Water molecular models are computational techniques that have been developed in order to help discover the structure of water. In this section, you will be asked to calculate some physical properties based on classical molecular dynamics simulation. The TIP3/Fw model will be used in the simulations.

We have prepared a CP2K input file `water.inp`

for running a MD simulation of liquid water using the force field from the first exercise (parameterized by Praprotnik et al.).

wget https://www.cp2k.org/_media/exercises:2021_uzh_acpc2:water.zip unzip water.zip

**TASK 1**

- Check that the MD simulation is energy conserving and
*well-behaved*. - What are the final average temperatures of the simulation?
- The initial atomic configuration stems from an equilibration run. At which temperature was the system (approximately) equilibrated?

Next, we are going to analyze the trajectories in order to calculate the radial distribution function (rdf, $g(r)$) as a function of the distance $r$.

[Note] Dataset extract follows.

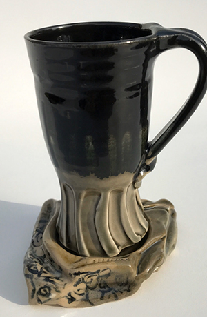Carved Mug and Carved Holder Taupe Grey and Black |

VMD comes with an extension for exactly this purpose: In the VMD Main window open “Extensions → Analysis” click on “Radial Pair Distribution function $g(r)$”. In the appearing window use “Utilities → Set unit cell dimensions” to let VMD know the size of the periodic simulation box which you used. After that use Selection 1 and 2 to define the atomic types that you want to calculate the rdf for, for example “element H”.

**TASK 2**

- Plot $g_{O-O}(r)$ at 300K and the experimental value provided in
`goo.ALS`

taken at 300 K into the same graph.

Now, we will calculate the diffusion coefficient which is a proportionality constant between the molar flux due to molecular diffusion and the gradient in the concentration of the species (or the driving force for diffusion) and is defined by:
**$6D=\lim_{t\to\infty} \ \frac{\delta <r^2(t)>}{\delta t}$**

To evaluate this expression, all that is needed is to evaluate the average of the square of the distance that each atom has traveled since the start of the production phase of the dynamics for each point in time during the simulation, and examining the slope of this function in the long time limit. By storing the initial coordinates, it is straightforward to evaluate the square of the traveled distance. However, some care is needed due to the use of periodic boundary conditions: the program stores x, the coordinates, but in many programs, during the dynamics, if any atom has its x, y, or z coordinate become larger than the box size or smaller than zero, it is moved back to the other side of the box. This has the effect of making the raw distance traveled meaningless. Finally, if you take care of the above, the value of D is obtained from the slope, at a long time, of the right-hand side of the above equation (also be careful with the units).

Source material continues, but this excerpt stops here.